Inherent Vice review: Harvard Crimson
Mark Kohut
markekohut at yahoo.com
Sat Sep 19 15:26:02 CDT 2009
yes, the young lady overgeneralizes about the standard size of most generic mysteries you wouldn't want to read.
And, as we all know, the riviews were very evaluative....
--- On Sat, 9/19/09, Robin Landseadel <robinlandseadel at comcast.net> wrote:
> From: Robin Landseadel <robinlandseadel at comcast.net>
> Subject: Re: Inherent Vice review: Harvard Crimson
> To: pynchon-l at waste.org
> Date: Saturday, September 19, 2009, 3:12 PM
> On Sep 19, 2009, at 7:20 AM, János
> Székely wrote:
>
> > "the normally lean detective genre"
> >
> > I never thought of Chandler as "lean" (and maybe not
> even as "normal").
> >
> > János
>
> Well, there's plenty of other gross errors of judgement in
> Ms.

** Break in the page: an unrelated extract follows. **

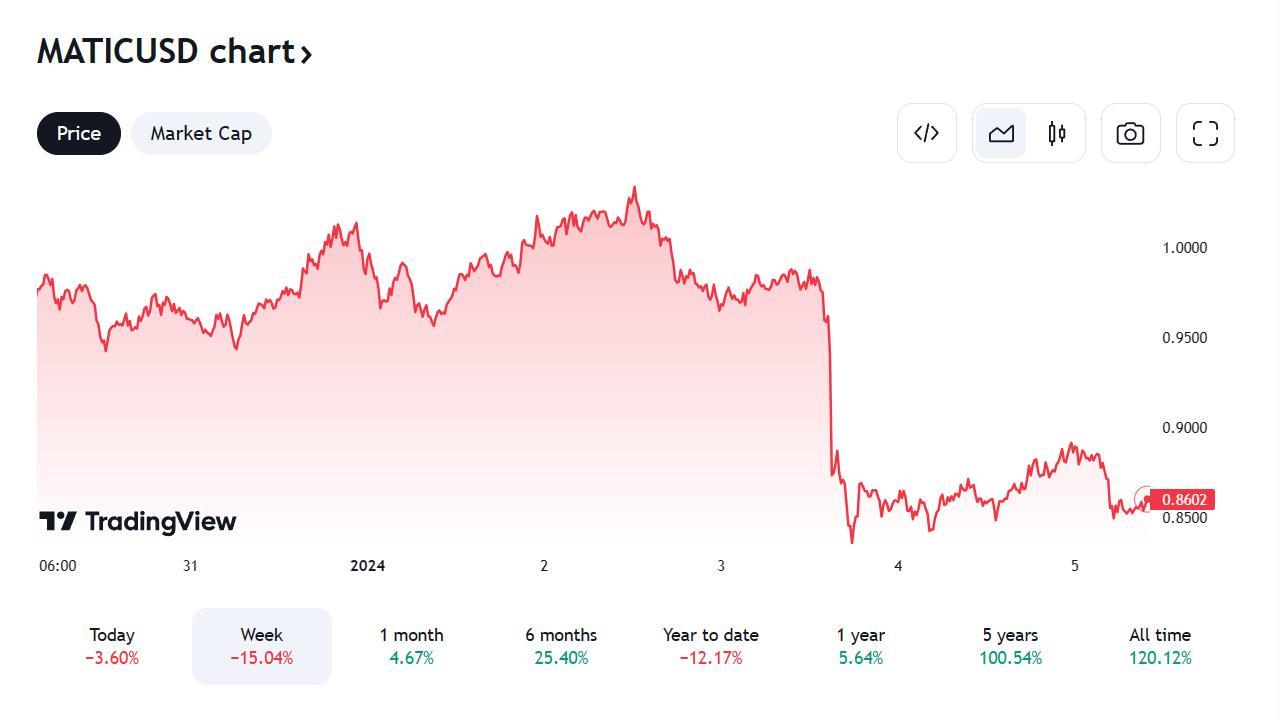 Obecnie notowany na poziomie 0,86 $, Polygon (MATIC) doświadczył mieszanki byczych i niedźwiedzich nastrojów. Drażniące partnerstwo i jego implikacje dla zwiększonej adopcji i użyteczności doprowadziły do pozytywnych spekulacji cenowych, a niektórzy analitycy ustalili cele na poziomie choćby 1,82$.

Jillian J. Goodman's review. In fact I'd say that the
> quirks of Chandler's descriptive prose left a heavy imprint
> on Pynchon:
>
> All of this perhaps explains why the
> critical response to
> “Inherent Vice,” released earlier
> this summer, has been long on
> career retrospection and short on
> evaluation. So let me say it
> now: “Inherent Vice” is not a very
> good novel. It’s not engaging.
> It’s not inventive. It’s not
> intricate, and it’s not precise. What it is,
> though, is an opportunity to examine the
> stately decline of one
> of literature’s most enigmatic and
> gigantic figures.
>
> I disagree. Plenty of folks found it engaging, Doc
> Sportello is Pynchon's most sympathetic protagonist so far.
> That Tommy's Burger thing was plenty precise, as are the
> quirky/weird songs he chooses for the soundtrack. I suspect
> that Inherent Vice is plenty intricate, but pulling out
> pattern in this case is just as much work as any other
> Pynchon novel—check citations, if some citation is
> obviously wrong, then ask why. This is a guy that knows that
> if you're going to use a handgun to produce a cool effect
> for your song arrangement, make sure that gun blast is in
> the same key as the song.
>
> And we've only lived with this particular beast for seven
> weeks or so, give or take a few.
>
> I'll give an example: the last page of Inherent Vice ends
> on Pynchon's thirty-third birthday. We know this because of
> the playoff game cited, where the Knicks beat the Lakers in
> the 1970 NBA playoffs. Earlier in the book, on page 113,
> Kareem Abdul-Jabbar is mentioned, a basketball great who
> didn't didn't change his name from Lew Alcindor until 1971:
>
> In 1971, several years after
> converting to Islam, he changed his name
> to Kareem Abdul-Jabbar (Arabic: كريم عبد الجبار
> Karīm ‘Abd
> al-Jabbār).
>
> http://en.wikipedia.org/wiki/Kareem_Abdul-Jabbar
>
> The dating of the book's last scene is too laden with
> significance to be accidental. So one might ask where we are
> being pointed when time gets out of joint. Of course, this
> is a fictional world, but it is still a fictional world full
> of details that co-respond to this so-called real
> world. Is there something that happened in the spring
> of 1971 we need to look at in the context of this novel? Is
> it just brain-fog and if it is brain-fog, is it Larry's or
> Tom's?
>
> At the same time, the author drops all sorts of info
> concerning black ops in the U.S.A. during the Nixon Regime,
> quite specific times, places, names, going on about the
> subject of the CIA here more than in any other novel. I find
> it hard to believe the detail of Kareem Abdul-Jabbar's name
> being seemingly a year off is mere sloppiness so I
> have to wonder what the author is aiming at. It looks to me
> that Inherent Vice depicts a growing police state, an
> Orwellian sense of dystopia that's growing under the glowing
> descriptive passages, funky restaurants and the
> wonderful/terrible jokes of Gordita Beach. At the same time
> it is also clear that Inherent Vice is designed to be as
> much of a Beach Read as the author can manage to come up
> with, considering his odd languages choices and all.
> Besides, let's face it, he ain't no Dan Brown. But Pynchon
> is still investigating the same territories he always did,
> asking a lot of the same questions, this time deliberately
> making a novel that would be accessible to folks outside the
> P-List. I have to wonder, at this late stage of the game,
> why Pynchon would want to do such a thing.